Airports across the country are divided over their masking policies after a federal judge ruled Monday that masking requirements on planes, trains and buses could not be upheld.
The Port Authority of New York and New Jersey said in a statement on Tuesday that it would continue to follow each state’s respective guidelines on masking despite the change at the federal level. As such, masks will still be required at LaGuardia Airport and John F. Kennedy International Airport as well as at other New York transportation facilities. But in New Jersey, including at Newark Liberty International Airport, masking is now optional.
Similarly, Chicago’s O’Hare International Airport will continue to enforce masking, citing an Illinois executive order.
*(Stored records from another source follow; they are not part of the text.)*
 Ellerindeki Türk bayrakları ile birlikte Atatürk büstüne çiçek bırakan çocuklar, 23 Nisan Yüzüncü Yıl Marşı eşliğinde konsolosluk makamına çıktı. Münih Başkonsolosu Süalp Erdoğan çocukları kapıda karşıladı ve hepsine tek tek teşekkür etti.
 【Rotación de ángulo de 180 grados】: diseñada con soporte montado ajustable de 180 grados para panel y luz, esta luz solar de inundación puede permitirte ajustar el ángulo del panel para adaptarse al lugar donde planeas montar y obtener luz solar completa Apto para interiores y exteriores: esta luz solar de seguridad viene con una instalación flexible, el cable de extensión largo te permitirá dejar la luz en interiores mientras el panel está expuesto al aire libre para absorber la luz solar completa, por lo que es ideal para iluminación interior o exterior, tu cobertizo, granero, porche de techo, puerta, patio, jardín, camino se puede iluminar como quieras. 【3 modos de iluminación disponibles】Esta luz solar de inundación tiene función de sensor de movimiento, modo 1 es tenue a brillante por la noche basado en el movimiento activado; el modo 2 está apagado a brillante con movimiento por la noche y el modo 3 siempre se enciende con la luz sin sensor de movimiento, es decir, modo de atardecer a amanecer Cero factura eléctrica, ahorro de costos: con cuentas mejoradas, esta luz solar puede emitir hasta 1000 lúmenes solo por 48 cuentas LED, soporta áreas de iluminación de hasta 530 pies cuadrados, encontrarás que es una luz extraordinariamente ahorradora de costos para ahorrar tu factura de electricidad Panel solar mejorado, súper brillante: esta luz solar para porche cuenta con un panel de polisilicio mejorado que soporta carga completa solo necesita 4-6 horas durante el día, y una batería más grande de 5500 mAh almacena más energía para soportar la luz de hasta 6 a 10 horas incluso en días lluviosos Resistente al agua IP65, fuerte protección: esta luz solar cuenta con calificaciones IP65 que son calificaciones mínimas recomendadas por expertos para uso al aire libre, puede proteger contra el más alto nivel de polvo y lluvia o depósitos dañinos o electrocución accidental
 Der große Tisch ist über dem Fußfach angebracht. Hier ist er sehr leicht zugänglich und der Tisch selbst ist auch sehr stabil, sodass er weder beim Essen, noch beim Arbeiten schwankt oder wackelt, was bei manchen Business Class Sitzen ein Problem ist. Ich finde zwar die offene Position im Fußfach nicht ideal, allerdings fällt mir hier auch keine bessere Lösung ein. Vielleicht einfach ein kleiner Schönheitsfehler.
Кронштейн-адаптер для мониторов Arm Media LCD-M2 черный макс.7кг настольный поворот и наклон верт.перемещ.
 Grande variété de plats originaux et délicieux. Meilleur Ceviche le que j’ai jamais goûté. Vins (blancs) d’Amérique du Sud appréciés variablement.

The Chicago Department of Aviation “will continue to follow, observe and enforce all guidance by federal, state and local health and security authorities” and will still mandate masks “on public transportation and in transportation hubs,” the airport’s tweeted statement said.
Other airports across the country, including San Francisco International Airport, Phoenix Sky Harbor International Airport and Dallas-Fort Worth Airport, have moved to make masks optional.
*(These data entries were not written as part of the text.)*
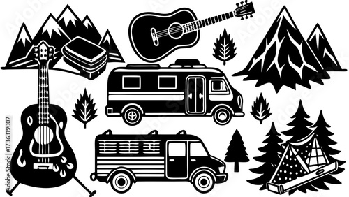 Illustration featuring camping elements including guitars, mountains, vans, tents, and trees in black and white on transparent background silhouette
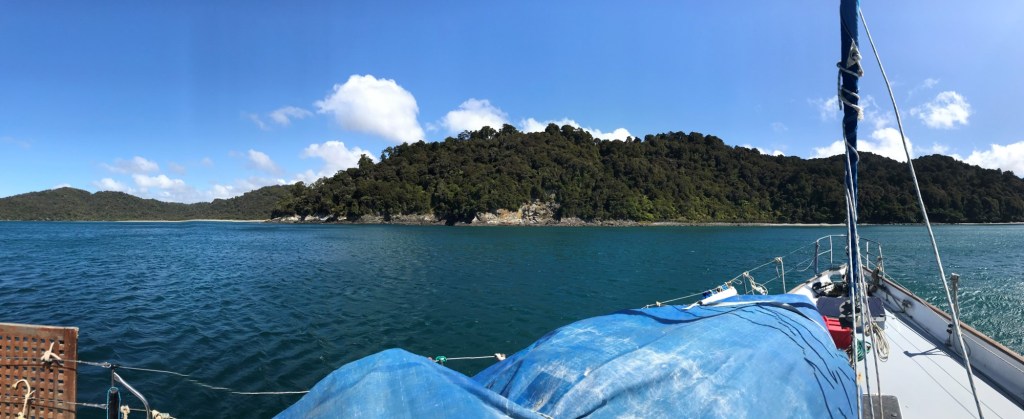 Despite the constant, but diminishing, swell that entered Otago’s Retreat, our anchorage, close to the entrance, worked out to be a remarkably still place to drop the pick.
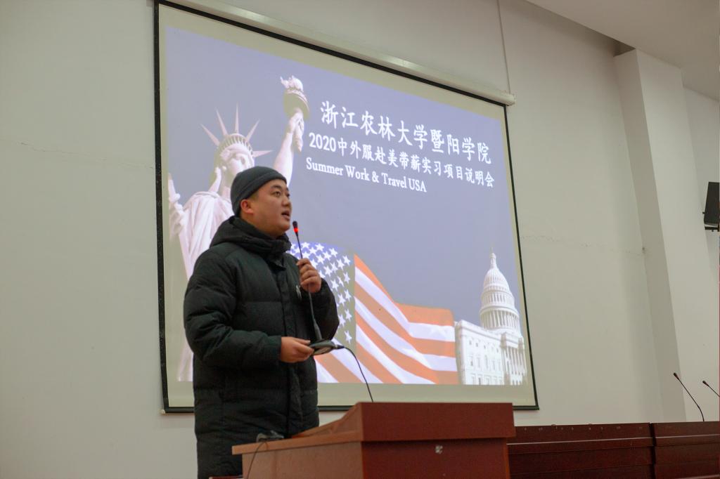 随后,朱俊康对暑期赴美带薪实习项目做了详细的说明,他从项目详情、项目收获及申请流程等进行了介绍,同时分享了参与赴美带薪实习项目同学的经历与收获。
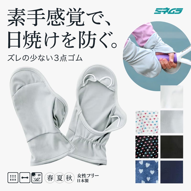 日焼けは防ぎたい。でも、素手だと日焼けする、でも、ラケットは素手で握りたい。そんなテニスプレーヤーの悩みを解決したのが、ミネムラのハンドカバーです。一般的なものより長い『第2関節』までの設計で、うっかり焼けを許しません。手の平がオープンなので、グリップの感覚はそのまま。着脱の手間なく、休憩中の水分補給やスマホ操作もスムーズです。

On Monday, many airlines, including United, American, Delta and Southwest, made masks optional.
But the changes and their regional differences coupled with many airlines dropping their requirements could lead to confusion among passengers.
For example, while O’Hare will continue to enforce masking, United Airlines, which is hubbed at the Chicago airport, said in its announcement making masks optional on Monday that masks were no longer required “at U.S. airports,” per the federal court ruling.
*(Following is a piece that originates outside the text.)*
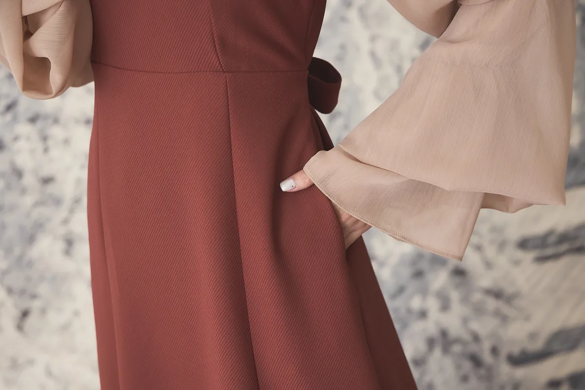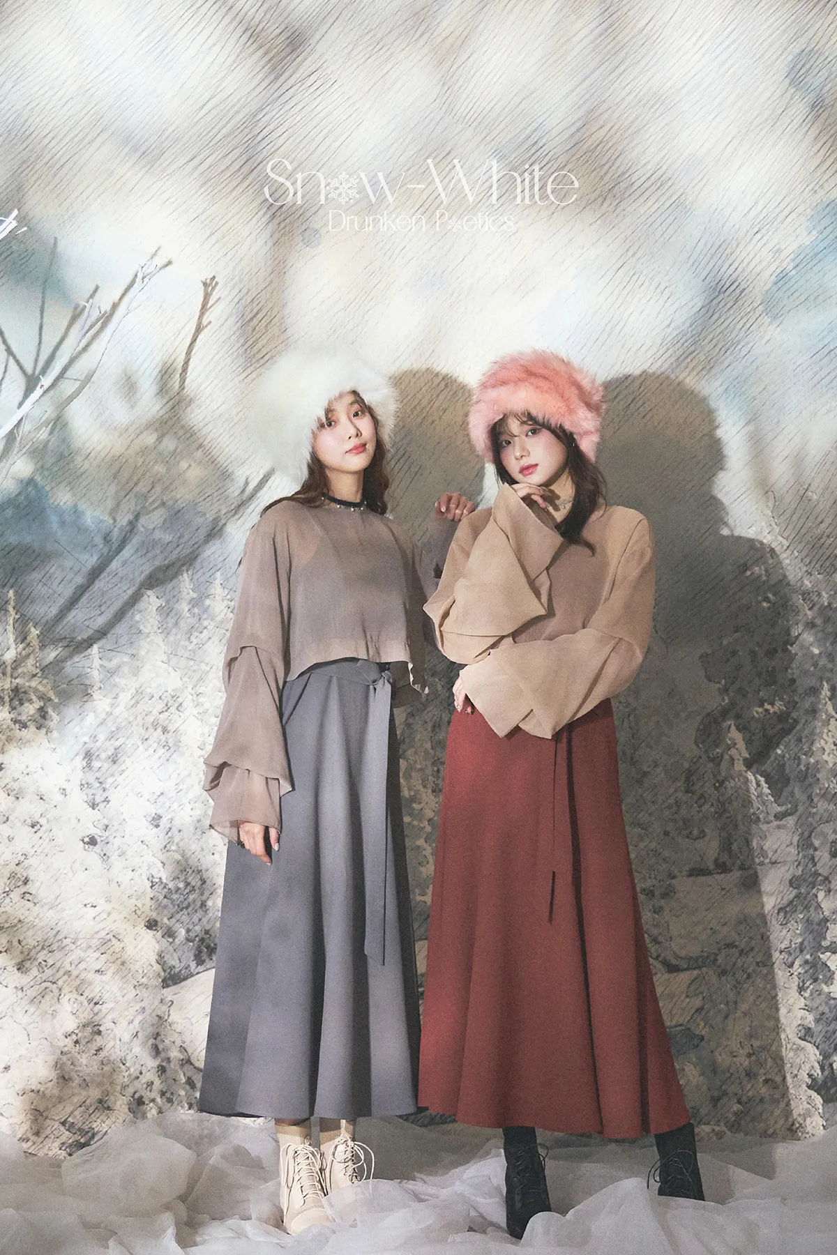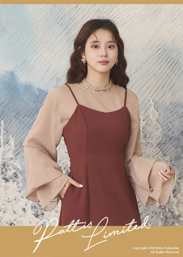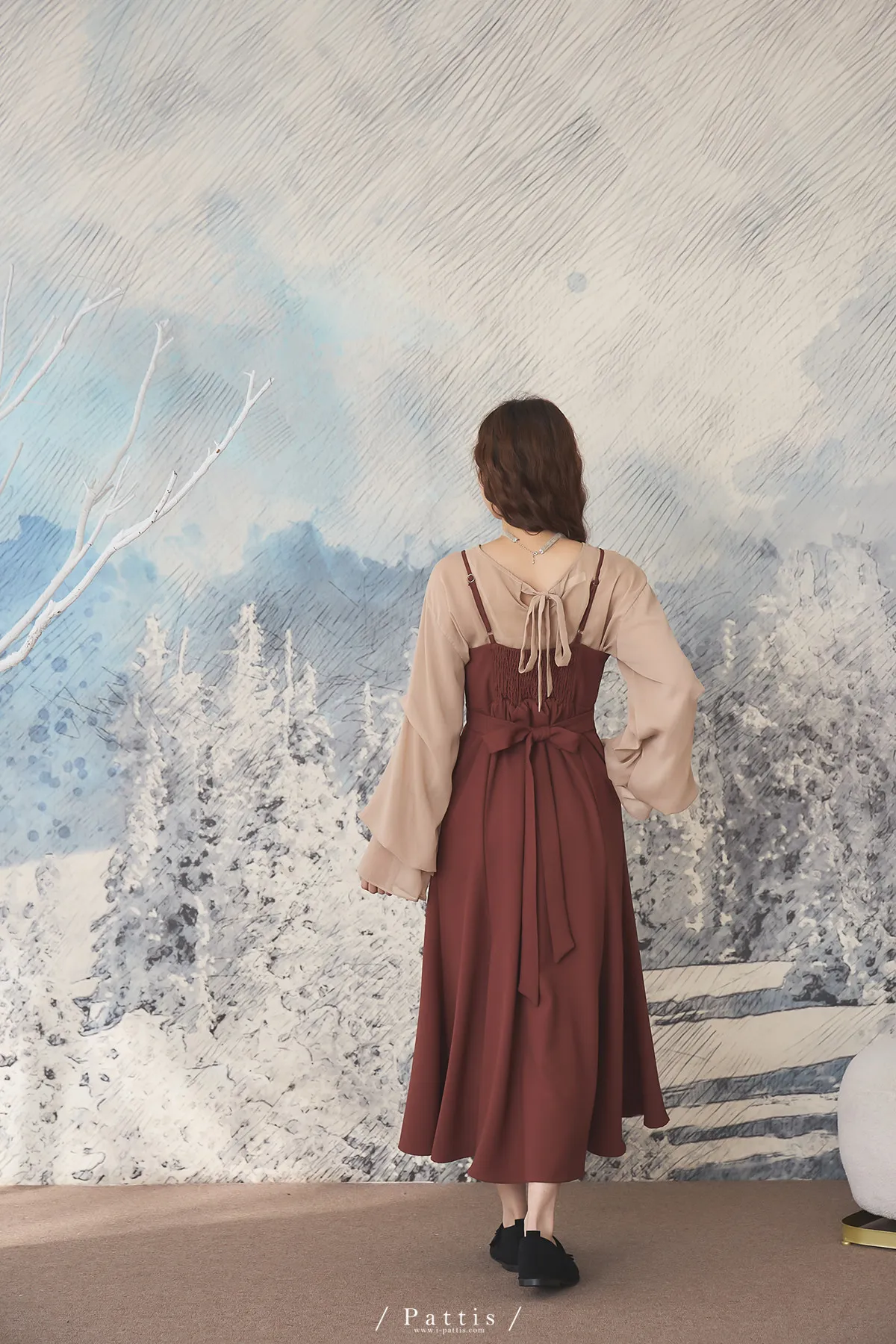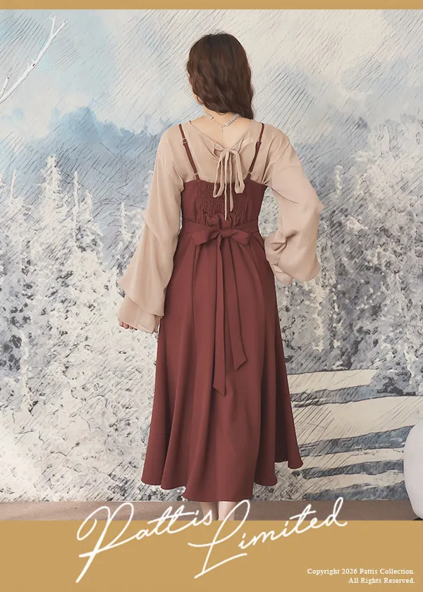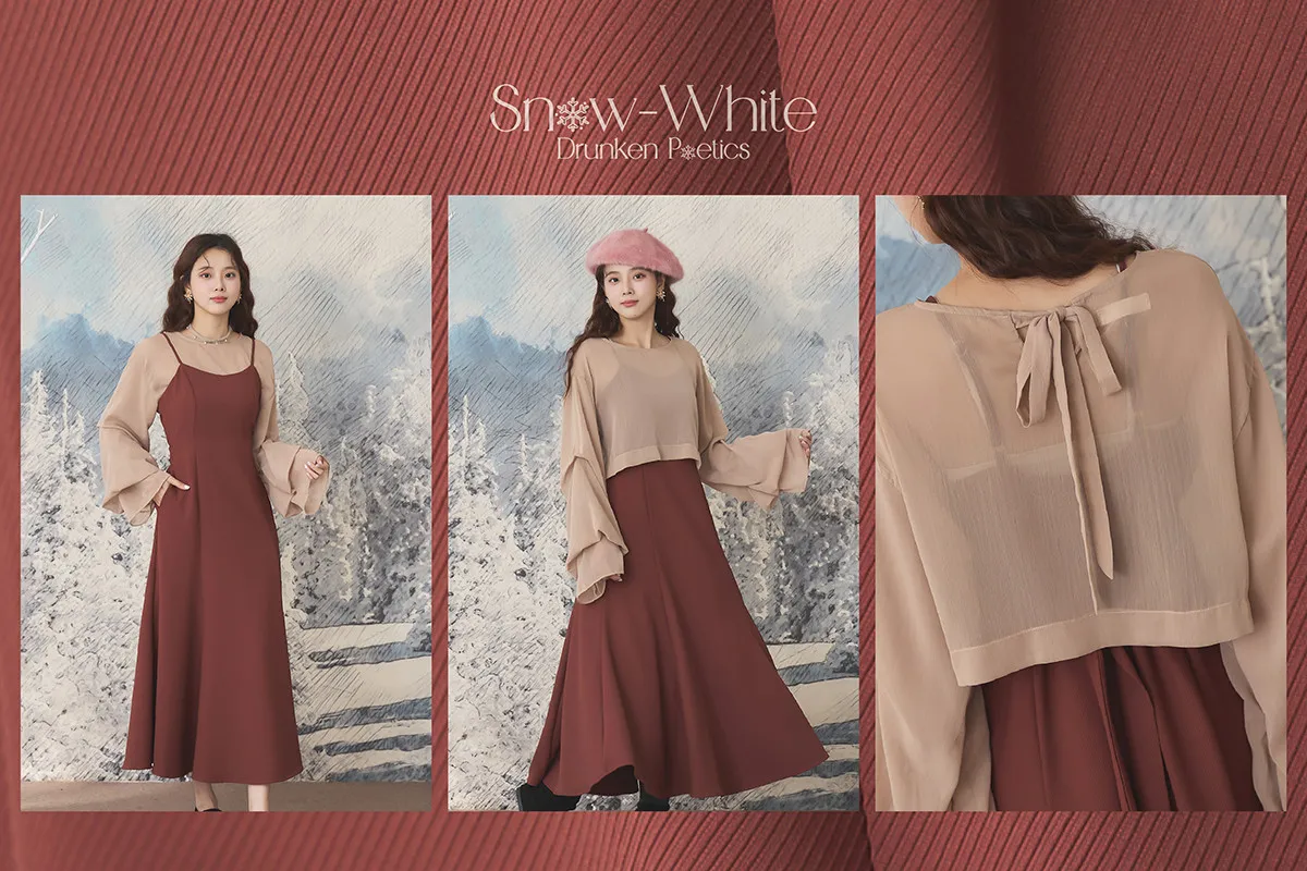 微透肌的上衣,袖子像層層的水母紋路很有造型,後領也有綁帶修飾背部曲線

The federal change stems from a Centers for Disease Control and Prevention (CDC) policy in which the government had argued for a broader definition of the word “sanitation” to include preventing disease.
Kathryn Kimball Mizelle, a federal judge in Florida appointed by former President Trump, decided the word was “limited to cleaning measures.”
“Wearing a mask cleans nothing,” Mizelle wrote.
While the mask mandate will no longer be enforced federally, the CDC still “recommends that people continue to wear masks in indoor public transportation settings.”